Nos. NN-112, NN-113.

District Court of Appeal of Florida, First District.

November 19, 1980.

James P. Appleman, Marianna, for appellants.

H. Reynolds Sampson and Margaret-Ray Kemper, Tallahassee, for appellee.

*160 PER CURIAM.

In these consolidated appeals Henderson Sign Service and Arrowhead Campsites appeal from Department of Transportation orders adopting the proposed order of a hearing officer finding that appellants' signs adjacent to an interstate highway are in violation of Section 479.17, Florida Statutes (1977).

The evidence as to the location of all three signs was essentially the same: All were well within the area prohibited by the 600-foot setback provisions of Section 479.11, Florida Statutes (1977), and none displayed permit tags. Appellants offered no evidence. They now argue the Department did not establish by substantial and competent evidence that the signs were outside or within an incorporated city or town;[1] that the signs were in fact signs as defined by Chapter 479. We reject these contentions. The structures were clearly visible as signs from the highway by DOT's outdoor advertising inspector. While the Department offered no specific proof that Interstate 10 had been designated as part of the national system of interstate and defense highways by the Department of Transportation,[2] we conclude that we may take judicial notice that Interstate 10 was and is part of the federal highway system. The highway adjacent to the signs was referred to by the Department's witness as Interstate 10. Matters relating to transportation and roads have been judicially noticed on numerous occasions. E.g., State Road Department v. Lewis, 170 So.2d 817 (Fla. 1964); Welker v. State, 93 So.2d 591 (Fla. 1957). Moreover, the burden of proving entitlement to any exceptions of the chapter's advertising requirements is upon appellants, not the Department. Walker v. State, Dept. of Transp., 352 So.2d 126, 127 (Fla. 1st DCA 1977).

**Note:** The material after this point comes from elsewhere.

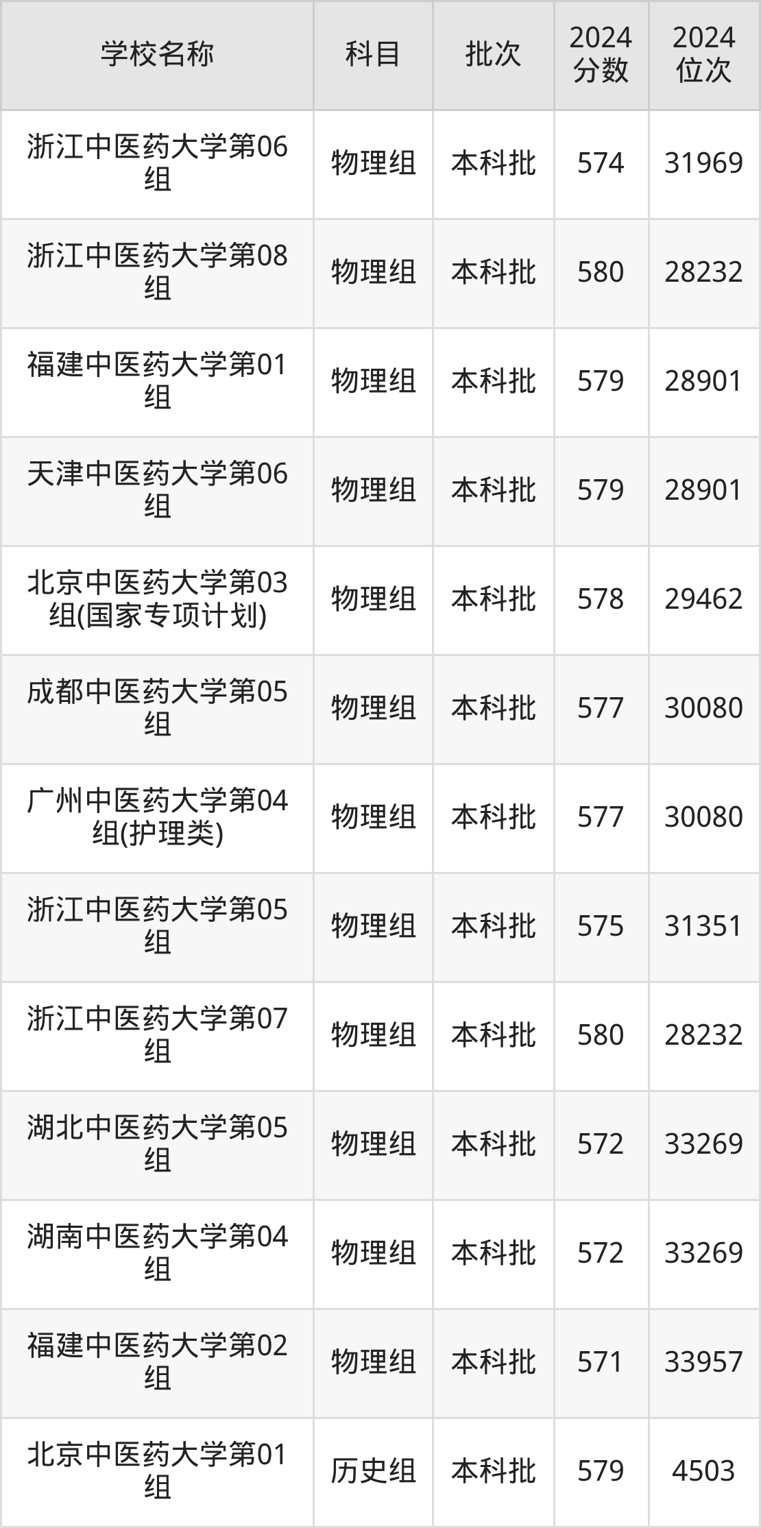 湖北高考历史组共有1所中医药大学在570到580分之间录取,包含北京中医药大学。

Appellants' primary contention is that since the Department failed to establish the date of the erection of the signs,[3] or the date when the Department designated the highway as part of the national system of interstate and defense highways, one could conclude that the signs were lawfully erected or were lawfully in existence prior to the official designation of the highway as an interstate highway. And in the absence of such proof, they argue, there is no authority for the Department to remove nonconforming signs until the end of the fifth year after they have become nonconforming, relying upon Section 479.23, Florida Statutes (1977). The problem with appellants' argument is that none of the signs displayed the permit tag required by Section 479.07(1), and appellants offered no explanation for their failure to affix a tag upon their signs. Section 479.07(4) states:

The construction, erection, use or maintenance of any advertising structure, advertising sign or advertisement which is required by this chapter to be permitted, without having affixed thereto a currently valid permanent permit tag shall be prima facie evidence that the same has been constructed or erected and is being operated, used or maintained in violation of the provisions of this chapter, and shall be subject to removal by legal representation of the department.

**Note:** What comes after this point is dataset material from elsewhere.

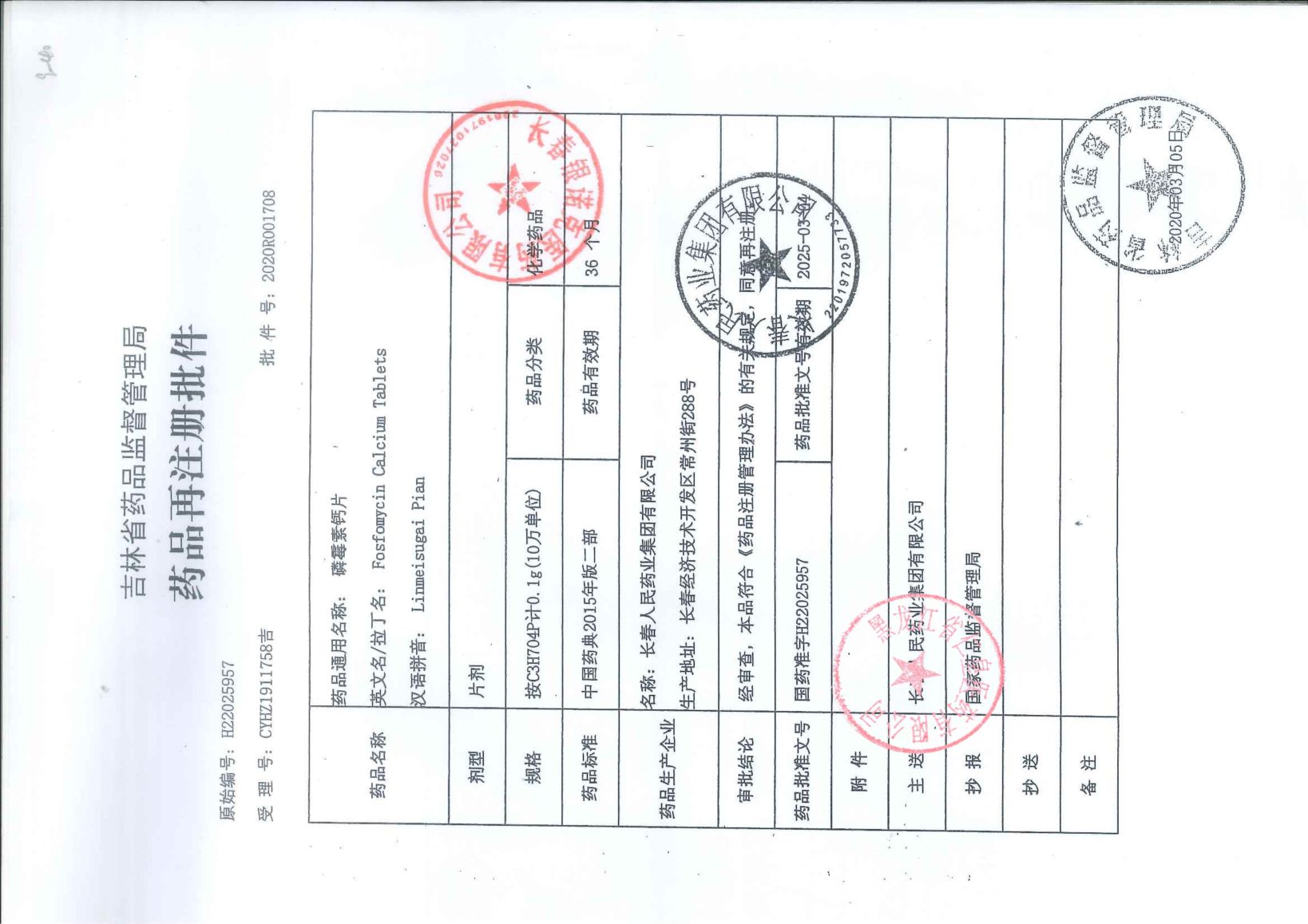 磷霉素钙片长春人民药

The effect of a statute which declares that certain facts shall constitute prima facie evidence of other facts is to relieve the party in whose favor they operate of the necessity of producing evidence on the issue, and to cast on the other party the burden of going forward with the evidence. Leonetti v. Boone, 74 So.2d 551 (Fla. 1954). *161 When the Department presented evidence showing that no permit tags were affixed to the signs, a statutory presumption arose that the signs were illegally erected, which remained until the signowners presented testimony to rebut the presumption. None was presented. The Department established its case.

Alternatively the signowners contend that if their signs are found to be illegally erected and maintained, and therefore subject to removal, compensation must nevertheless be paid for the actual replacement value of the materials in those signs pursuant to Section 479.24(1), which provides:

(1) Compensation shall be paid upon the removal of all signs lawfully in existence on December 8, 1971 or signs lawfully erected which later become nonconforming. Compensation for any sign erected or completed after December 8, 1971 shall be limited to the actual replacement value of the materials in such signs. It is the legislative intent that any person erecting or completing such a sign after December 8, 1971 shall be fully compensated by the method herein provided.

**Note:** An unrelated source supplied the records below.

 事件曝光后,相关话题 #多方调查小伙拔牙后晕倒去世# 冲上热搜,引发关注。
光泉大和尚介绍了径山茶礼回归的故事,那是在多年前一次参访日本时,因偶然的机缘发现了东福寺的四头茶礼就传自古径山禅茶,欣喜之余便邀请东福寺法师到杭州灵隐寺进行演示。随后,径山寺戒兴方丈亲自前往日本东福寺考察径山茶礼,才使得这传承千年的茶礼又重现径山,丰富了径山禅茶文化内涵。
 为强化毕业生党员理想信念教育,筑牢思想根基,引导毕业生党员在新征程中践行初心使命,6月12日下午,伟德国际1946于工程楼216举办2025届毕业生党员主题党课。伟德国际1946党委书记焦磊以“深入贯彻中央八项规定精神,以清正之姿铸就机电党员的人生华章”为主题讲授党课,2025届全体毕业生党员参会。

Construing Section 479.24(1), this court in Brazil v. Div. of Admin., Dept. of Transportation, 347 So.2d 755 (Fla. 1st DCA 1977), ordered a signowner compensated for the replacement value of materials in his sign which was found to have been erected and maintained adjacent to an interstate highway in violation of the spacing requirements of Chapter 479. The District Court of Appeal, Fourth District, placed a different interpretation of Section 479.24(1) in LaPointe Outdoor Advertising v. Florida Dept. of Transportation, 382 So.2d 1347 (Fla. 4th DCA 1980), and the Supreme Court recently granted certiorari to resolve the conflict.

As appears from his separate opinion in this case, Judge Ervin would recede from Brazil and deny compensation to the appellant signowners whose signs are now subject to removal. Judges Booth and Robert Smith, for different reasons, choose not to reach the question of compensation. Judge Booth considers that because appellant has not yet raised the question of compensation before the agency we should not reach that question now. While Judge Robert Smith conceives that any legal question inhering in the case and raised in this court can and ordinarily should be decided, if it can fairly be decided on the existing record, Rice v. Dept. of Health and Rehab. Services, 386 So.2d 844, 850 (Fla. 1st DCA 1980), he thinks it undesirable for a panel of this court to reconsider a prior decision of this court, perhaps leading to en banc proceedings, when the jurisdiction of the Supreme Court has attached because of that prior decision and that Court may reasonably be expected soon to make the law uniform on an important subject.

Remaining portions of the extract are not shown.